Conservation status: It is currently listed as Least Concern (Naylor and Roach 2016a). Its vulnerability risk is similar to that of C. colombianus and C. squamipes (Díaz-Pulido et al. 2015). It was previously listed as Data Deficient (Cuartas-Calle and Muñoz Arango 2003).
Cryptotis perijensis. It was described based on a specimen collected in 1989 in the department of Cesar, near Finca El Suspiro, at 2,100 m a.s.l. in northern Colombia (Duarte and Viloria 1992). Since it was described less than four years ago, the knowledge about this species is virtually nil (Table 1). The morphological information and distribution available come from the first record (Quiroga Carmona and Woodman, 2015), according to which it was assigned to C. thomasi (Duarte and Viloria 1992). There is a second record, also identified as C. thomasi (Corredor-Carrillo and Muñoz-Saba 2007) from Serranía del Perijá, between 2,850 and 3,100 masl, near the municipality of San José de Oriente in the department of Cesar, Colombia. The set of morphological traits related to dental and cranial anatomy allowed to assign C. perijensis to the “thomasi” group. It shows a very low research effort (Table 1).
Distribution: known in Colombia from two localities in Serranía del Perijá, department of Cesar, in an elevational range between 2,000 and 3,100 masl (Duarte and Viloria 1992; Corredor-Carrillo and Muñoz-Saba 2007; Quiroga Carmona and Woodman, 2015).
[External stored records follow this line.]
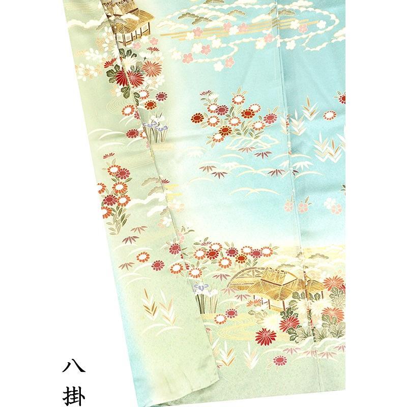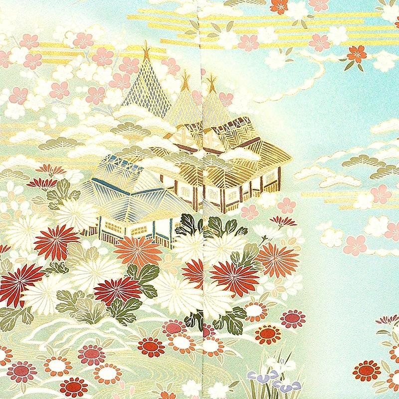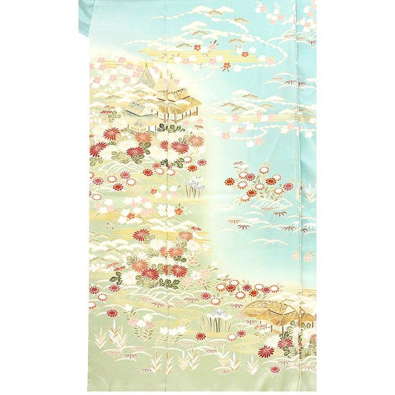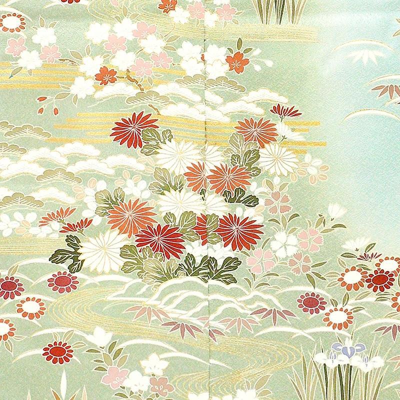 | ★品質・詳細 | ○地色 【こちらの地色は灰味のうす緑色系です。】 ○絹織物 ○新品・未仕立の逸品訪問着の仮絵羽です。 ○最高級ちりめん地 水撚八丁撚糸吉祥地紋生地 ○参考上代 680,000円 |
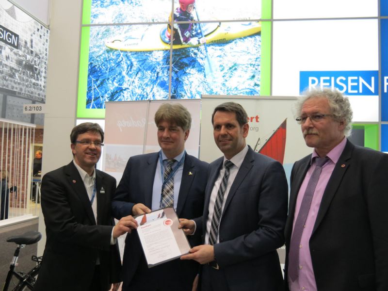 Im Rahmen einer offiziellen Preisverleihung auf der Internationalen Tourismusbörse (ITB) in Berlin ist Juist von der gemeinnützigen Beratungs- und Zertifizierungsorganisation TourCert als „Nachhaltiges Reiseziel“ ausgezeichnet worden. Olaf Lies, Niedersächsischer Minister für Wirtschaft, Arbeit und Verkehr, und Dr. Peter Zimmer, Geschäftsführer TourCert, übergaben das Zertifikat an Juists Bürgermeister Dr. Tjark Goerges und Nachhaltigkeitsbeauftragten Thomas Vodde.
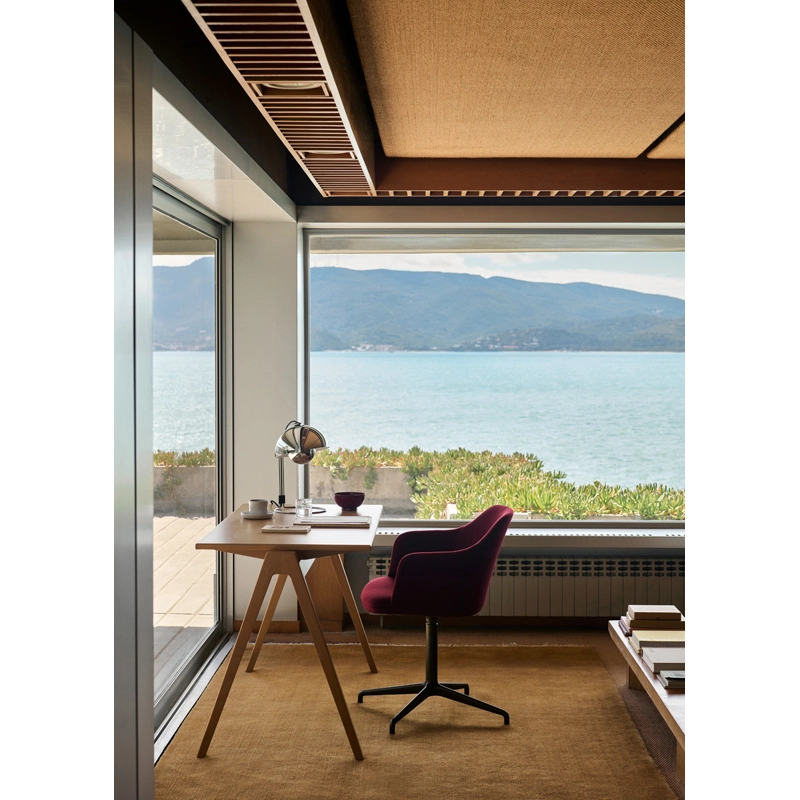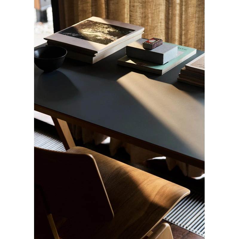 Conçu dans le cadre de la première collection de meubles bon marché de Day pour Hille en 1951, le bureau Daystak s'associe parfaitement à la chaise de la même collection, présentant les mêmes pieds en forme de A. Le bureau Daystack est disponible avec ou sans tiroirs. Ces derniers peuvent être fixés d'un côté ou de l'autre du bureau au moment de l’installation. Le bureau Daystak And Tradition est disponible en hêtre massif, avec ou sans plateau stratifié Fenix Nano dans la teinte Verde Comodoro.  Soucieuse de préserver l'essence de la collection, la marque And Tradition a collaboré avec la Fondation Robin et Lucienne Day pour s'assurer que toutes les pièces rééditées restent aussi fidèles que possible au design original, en y apportant seulement quelques ajustements mineurs pour répondre aux besoins et aux considérations d'impact des utilisateurs du 21e siècle.

Conservation status: it has not been assessed to date.
Cryptotis squamipes. It was originally described as Blarina (Cryptotis) squamipes based on a single specimen collected at 3,151 masl in the Western Cordillera, 64 km west of Popayán (currently in the municipality of El Tambo, Cauca) in June 1911. There are studies on its anatomy and morphology (3 studies; Allen 1912; Cuartas-Calle and Muñoz Arango 2003; Woodman and Péfaur 2008); taxonomy and systematics (3; Allen 1912; Woodman and Péfaur 2008; Guevara López 2010); biogeography and current distribution (7; Allen 1912; Tate 1932; Cuervo Diaz et al. 1986; Cuartas-Calle and Muñoz Arango 2003; Rivas-Pava et al. 2007; Woodman and Péfaur 2008; Rojas-Díaz et al. 2012), and ecology and natural history (2; Cuartas-Calle and Muñoz Arango 2003; Woodman and Péfaur 2008). The research effort for this species is low (Table 1).
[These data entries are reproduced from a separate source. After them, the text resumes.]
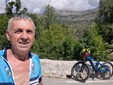 In sella alla nuova bicicletta, Danilo Radaelli, reduce da un incidente ciclistico, ha ripreso a pedalare lungo le strade del Dipartimento delle Alpi Marittime.
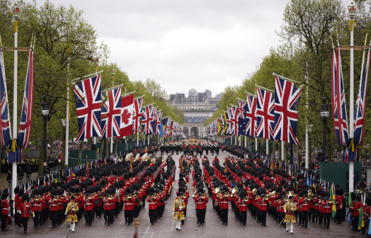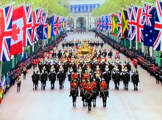At 10:20am, the celebrations started with a procession of King Charles and Queen Camilla in the Diamond Jubilee State Coach, from Buckingham Palace to Westminster Abbey.
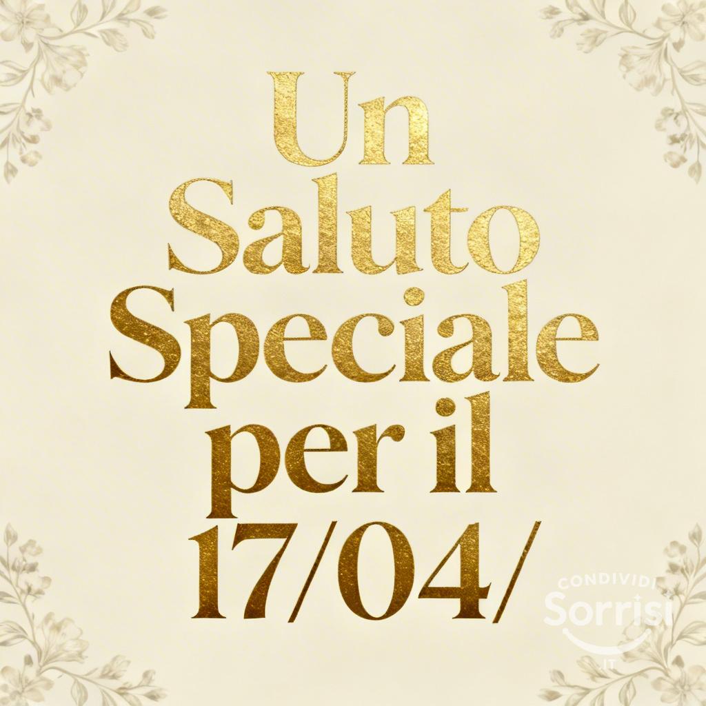 Saluto speciale 17/04: immagine decorativa ed elegante per auguri unici. Perfetta per condividere messaggi personalizzati. Ottimizzata SEO per visibilità.
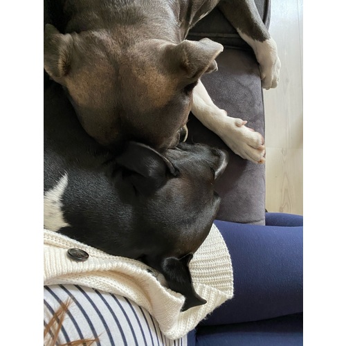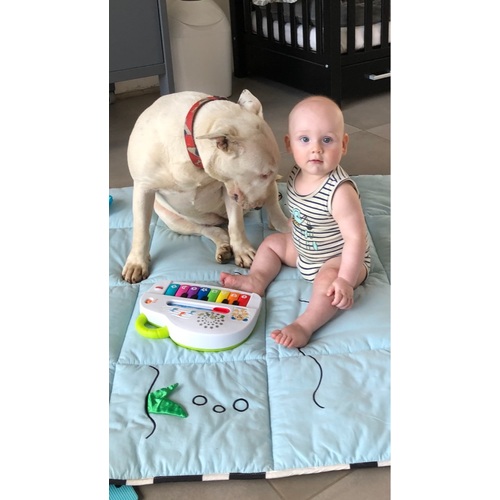 Wij hebben ook een bull terriër. Tijdens mijn zwangerschap wist ze soms niet goed hoe ze zich moest gedragen is wel pas 2 jaar geworden in juni. Maar dan nog. Toen mijn zoon geboren was heel veel laten wennen aan elkaar en zoals je op de foto ziet ze zijn onafscheidelijk. 4pootjes2handjesop1buik🥰🥰
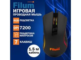 Мышь проводная Filum FL-GM20 игровая 7D, оптическая, подсветка RGB, 7 кнопок, чёрный 103741824376
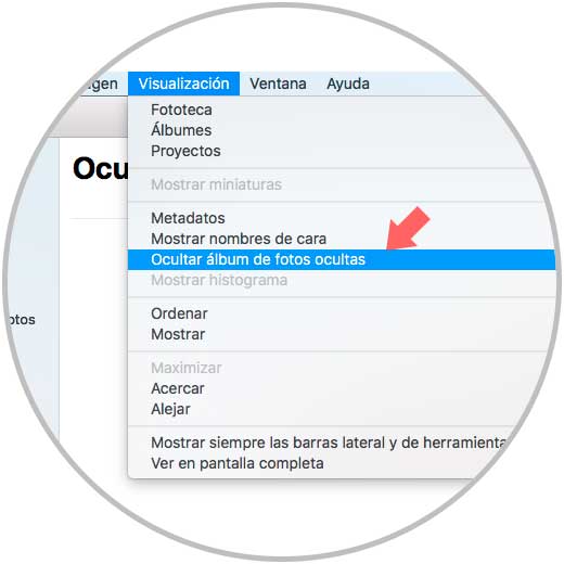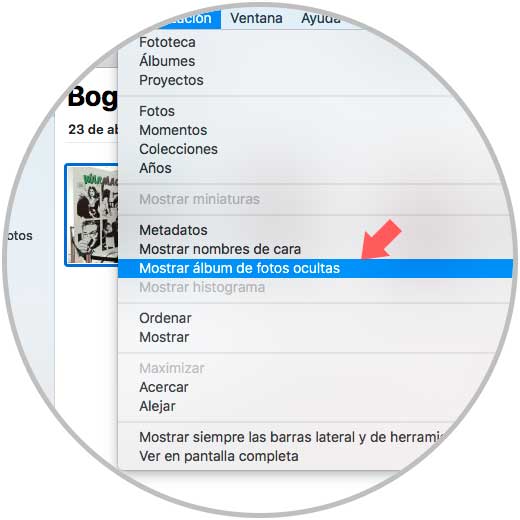 Para tener acceso a las imágenes que hemos ocultado en macOS High Sierra, debemos ir al menú “Visualización” y allí seleccionar la línea “Mostrar álbum de fotos ocultas”:

Distribution: Endemic to Colombia. It is known from the following localities: Farallones, Tenerife and Finca Zingara, department of Valle del Cauca, and in Cerro Munchique, department of Cauca, of the Western Cordillera and southern part of the Central Cordillera. It inhabits an elevational range from 1,500 to 3,375 m (Allen 1912; Cuervo Diaz et al. 1986; Woodman and Péfaur 2008).
Conservation status: It is listed as Least Concern (Naylor and Roach 2016b), showing a vulnerability risk similar to that of C. colombianus and C. medellinius (Díaz-Pulido et al. 2015). It was previously listed as Data Deficient (Cuartas-Calle and Muñoz Arango 2003).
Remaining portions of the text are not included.